**Description of the task**.
In the material below, the lines containing the word "Malda" are required; copy each of them.

**Extracted records**.
□ □ □ □ □ □ □

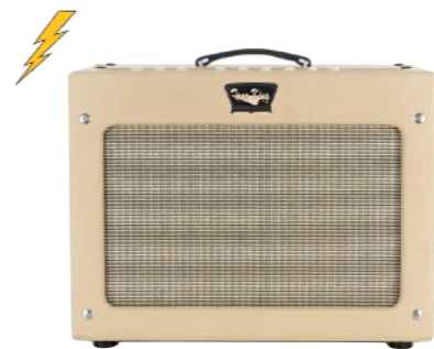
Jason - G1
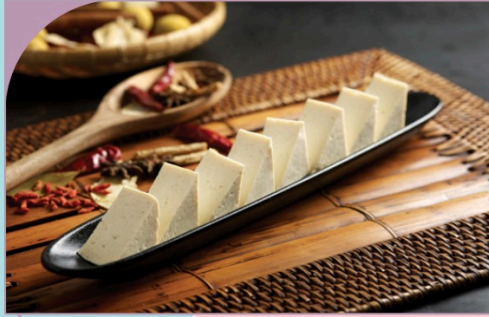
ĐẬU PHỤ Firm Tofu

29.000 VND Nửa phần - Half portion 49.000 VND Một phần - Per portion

□ □ □ □ □ □ □

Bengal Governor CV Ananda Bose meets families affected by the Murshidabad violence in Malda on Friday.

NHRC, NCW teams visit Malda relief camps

□ □ □ □ □ □ □

**Reply to the task**.
Bengal Governor CV Ananda Bose meets families affected by the Murshidabad violence in Malda on Friday.
NHRC, NCW teams visit Malda relief camps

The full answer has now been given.